Akurat ten basen był dość głęboki. Cały miał dwa metry głębokości.

Więc ja z moim metr siedemdziesiąt byłam w dupie. Normalnie czekać, aż się tu się uduszę. Myślałam, że tam umrę, ale w pewnym momencie poczułam czyjeś ręce na swojej tali. A już zaraz zobaczyłam wszystkich, którzy się gapili na basen.

Zaczęłam odkaszlywac wodę, która się zakrztusiłam.

- Wszytsko git? - męski głos, który trzymał mnie na rękach zapytał.

- Isaac? - obróciłam głowę i go zobaczyłam. - Nie musiałeś tego robić. - kaszlnęłam. - Puść mnie. - chłopak zrobił to o co go poprosiłam.

Momentalnie czułam się jakbym wytrzeźwiała. Wszyscy się na mnie gapili. A ja nie miałam już dobrego humoru i była w pełni świadoma co się dzieje.

- Zawieść cię? - chłopak znowu pojawił się obok mnie.

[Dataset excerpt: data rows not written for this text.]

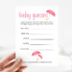 Let baby shower guests make their best guesses at baby's birthdate and time, weight and length! Place a stack at the entrance to the event, pass them around, or leave one at each place setting. Makes a fun keepsake for the mama-to-be, too. Coordinates perfectly with our Pink Umbrella collection of baby girl shower invitations and party accessories.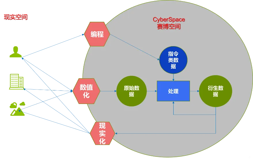 现实空间和赛博空间有三个非常重要的作用点,即:编程、数值化、现实化。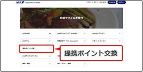 ANAマイレージクラブトップページよりログインし、マイレージナビ内の「マイルを使う」⇒「提携ポイント交換」をクリックしてください。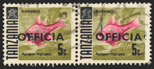 £120.00| /Tanzania 1970-73 5c on glazed paper Official, type O4 local overprint, horizontal pair, left stamp (R10/9) showing 'OFFICIA' error and right stamp ...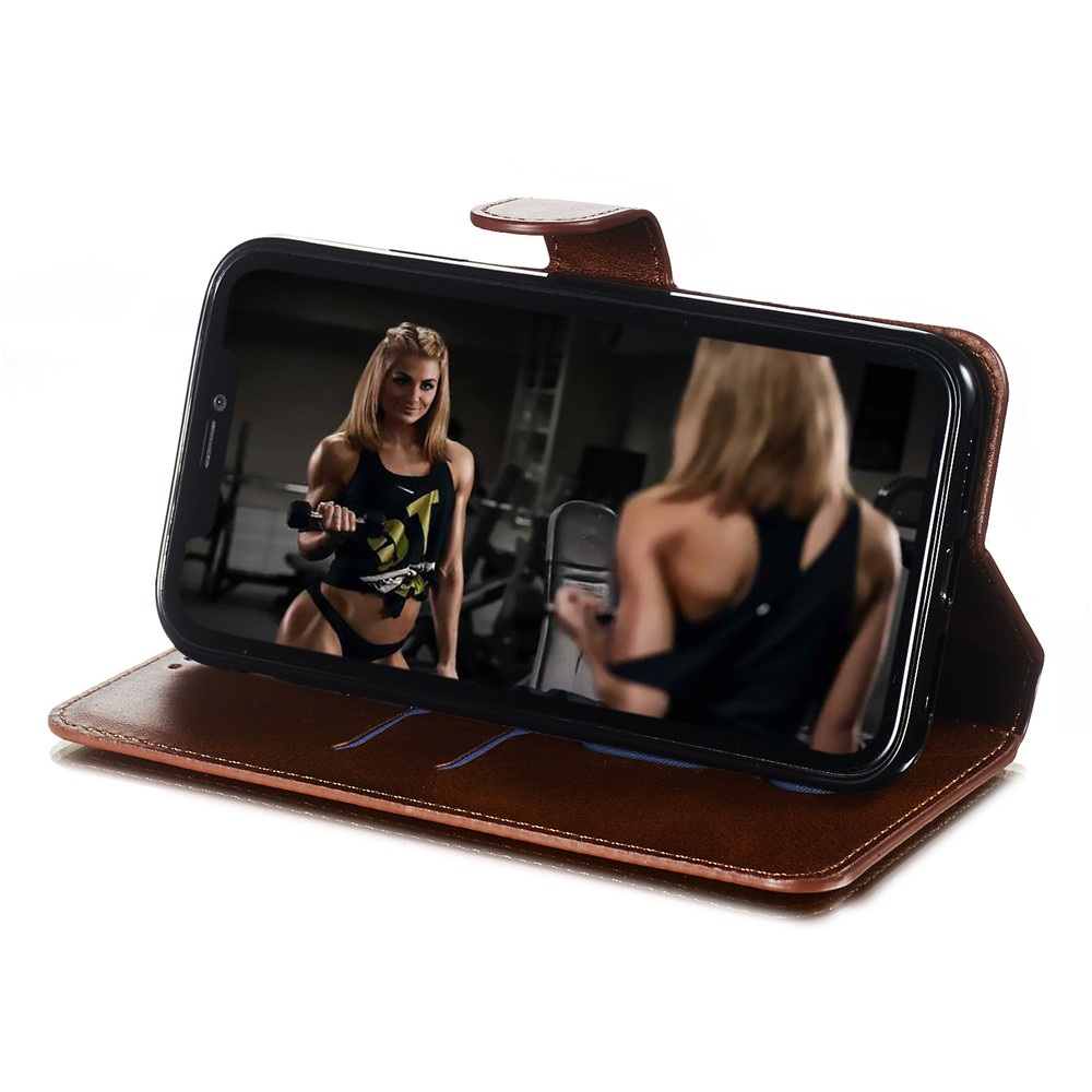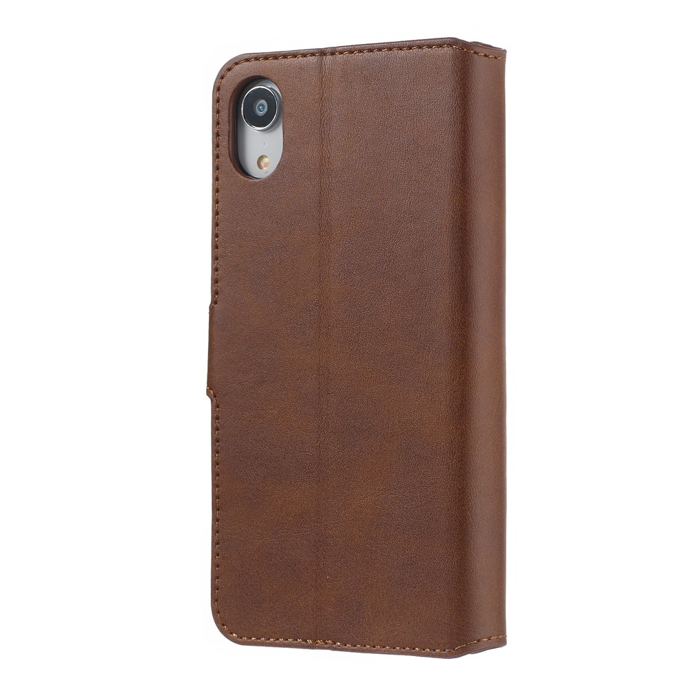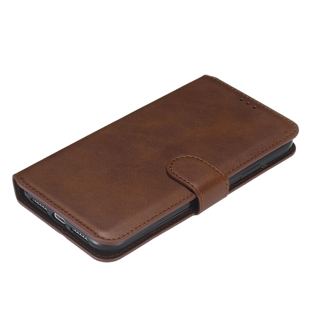 For iPhone XR 6.1 inch Solid Color Flip Leather Wallet Mobile Phone Covering – Brown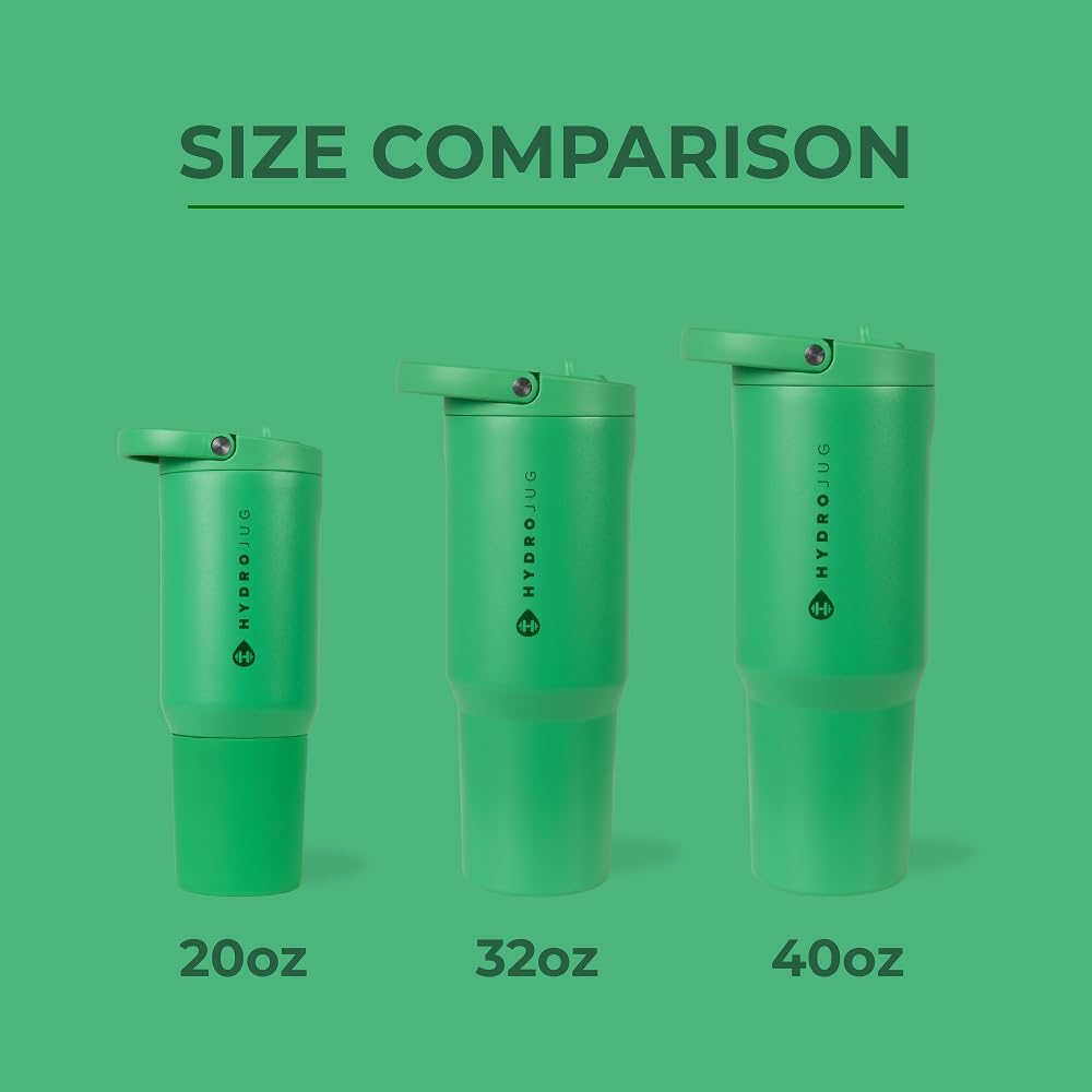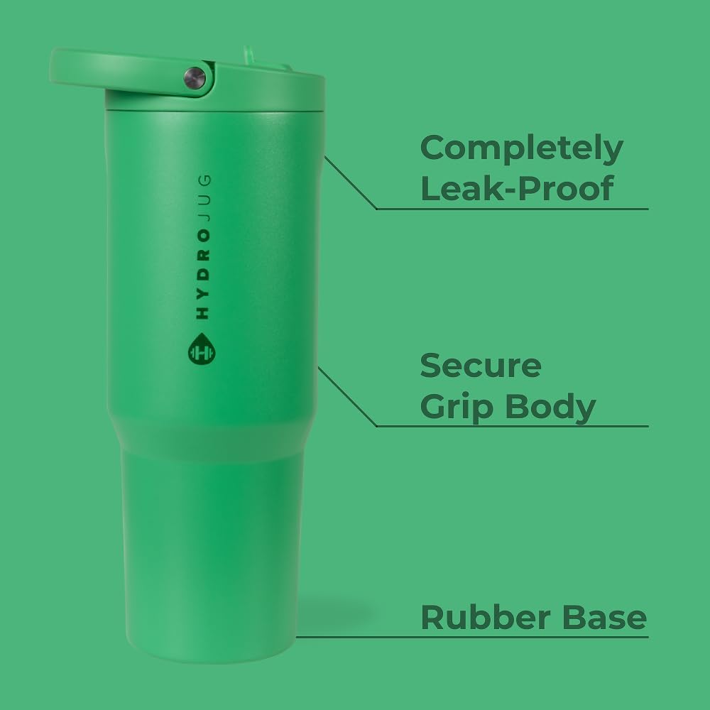 HydroJug Sport - Stainless Steel Tumbler with Straw, Vacuum Insulated, 40oz Leakproof Water Bottle, Ergonomic Design, Reusable, Dishwasher Safe, Rubber Base, Durable for Gym or Outdoors, Clover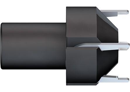 4mm PCB Mount In Line Socket From Multi Contact, this 4mm in line socket is for direct soldering onto printed circuit boards.This fixed 4mm socket has rigid insulation and accepts spring loaded 4mm plugs with rigid insulating sleeves. The socket is made from machined brass and is touch protected and insulated according to IEC/EN 61010-1. Features and Benefits: 1000 V for CAT III 600 V for CAT IV Rated Current of 24 A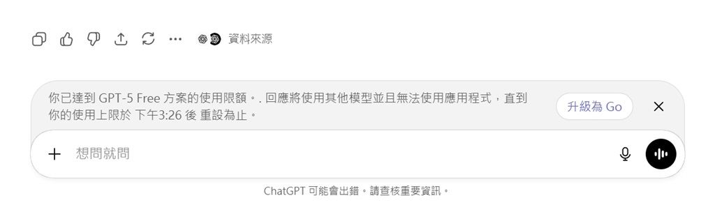 ChatGPT免費版使用額度: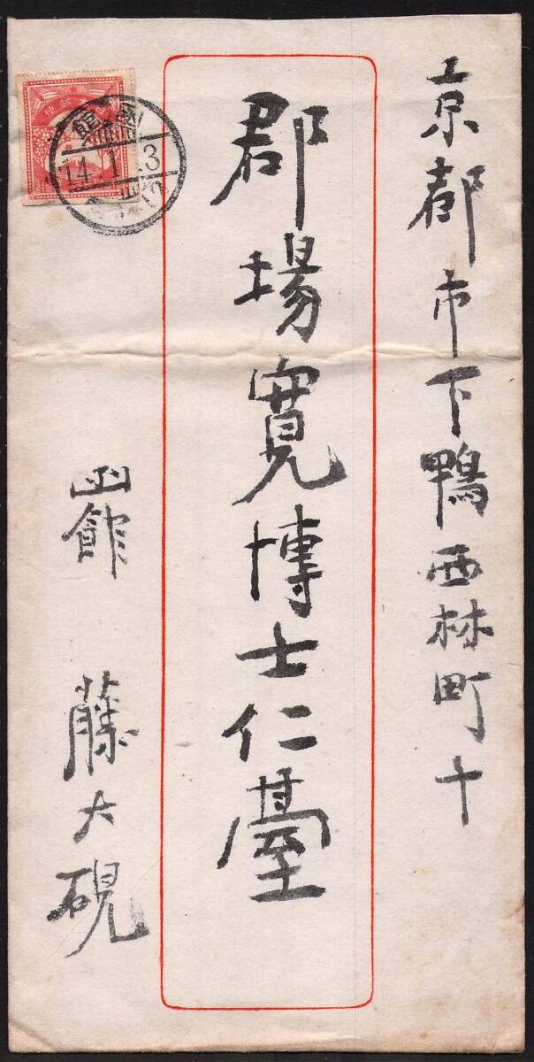 ★ 植物学者郡場寛博士あて封筒 ★ 震災3銭貼函館14.1.3消印 ★25954★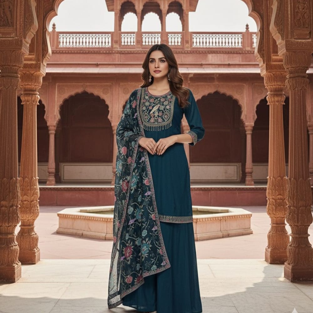 Teal, Multi-colored (Floral Print) Salwar Kameez Suit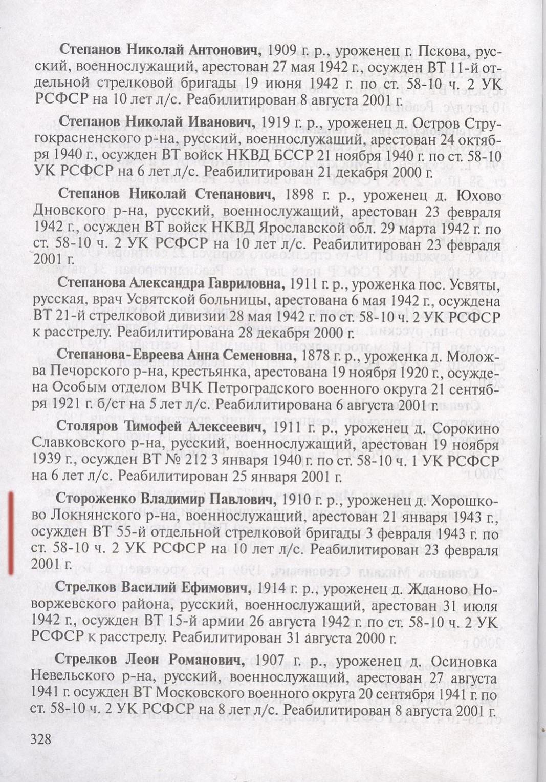 Стороженко Владимир Павлович, 1910 г. р., уроженец д. Хорошково Локнянского р-на, военнослужащий, арестован 21 января 1943 г., осужден ВТ 55-й отдельной стрелковой бригады 3 февраля 1943 г. по ст. 58-10 ч. 2 УК РСФСР на 10 лет л/с. Реабилитирован 23 февраля 2001 г. (ПсковКП-12)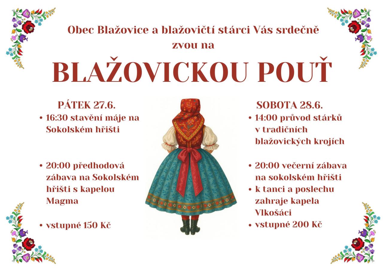 Obec Blažovice si vás dovoluje srdečně pozvat na tradiční Blažovickou pouť, která se uskuteční o víkendu 27.–28. června 2025.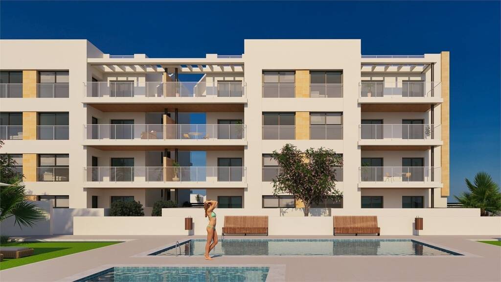 Brandneue Wohnanlage mit Wohnungen mit 2 und 3 Schlafzimmern im Herzen von La Zenia (Orihuela Costa), nur 400 Meter vom Einkaufszentrum "La Zenia Boulevard" und einen kurzen Spaziergang vom Strand entfernt. Die Wohnanlage besteht aus fünf Wohnblöcken, wobei man die Wahl hat zwischen Erdgeschosswohnungen mit Privatgärten, Wohnungen im ersten und zweiten Stock mit Terrassen und Penthäusern mit privaten Dachterrassen. Alle Wohnungen verfügen über einen eigenen Parkplatz abseits der Straße, und die Bewohner können die wunderschön angelegten Gemeinschaftsgärten mit großem Swimmingpool und Entspannungsbereichen nutzen. Die Innenräume verfügen über einen offenen Wohn- und Essbereich mit amerikanischer Küche, ein Hauptschlafzimmer mit eigenem Bad, ein weiteres Doppelschlafzimmer und ein Gästebad. Die Häuser haben eine Vorder- und eine Hinterterrasse, wobei die Hauptterrasse sowohl vom Wohnbereich als auch vom Hauptschlafzimmer aus zugänglich ist. Das zweite Schlafzimmer hat Zugang zu einer kleineren Terrasse. Die Immobilie verfügt über eine vorinstallierte Klimaanlage, Fußbodenheizung in den Bädern und Einbauschränke in allen Schlafzimmern. La Zenia befindet sich in der Nähe der Autobahn AP-7 an der Orihuela Costa zwischen Playa Flamenca und Cabo Roig. In La Zenia gibt es einen schönen Strand und eine Reihe von Bars, Restaurants, Geschäften und Supermärkten, die den Ort zu einem idealen Urlaubsziel machen. Genießen Sie einen Spaziergang entlang der Promenade von La Zenia und Cabo Roig und bewundern Sie den Yachthafen und die mit der blauen Flagge ausgezeichneten Sandstrände. Die Gegend hat das größte Einkaufszentrum La Zenia Boulevard, die sehr beliebt ist und die lokalen Golfplätze von Villamartin, Las Ramblas, Campoamor und Las Colinas Golf und Country Club sind innerhalb von 5 Minuten Fahrt.

- Nie trzeba poradzę sobie. - weszłam do środka budynku aby udać się do drzwi wejściowych.

- Jesteś cała mokra. Mogę cię odwieść. - szedł za mną.

- Dam radę sama. - wyszłam ponownie na zewnątrz, ale po drugiej stronie domu. - Dylan już pojechał? - zapytałam go gdy nie widziałam naszego auta na parkingu.

- pojechał pół godziny temu. - pajac oparł się barkiem o ścianę.

- Kurwa. - wyciągłam telefon i wybrałam dość znany mi numer.

Mike

Kliknęłam w jego imię i przyłożyłam telefon do ucha.

- Halo? - usłyszałam po drugiej stornie.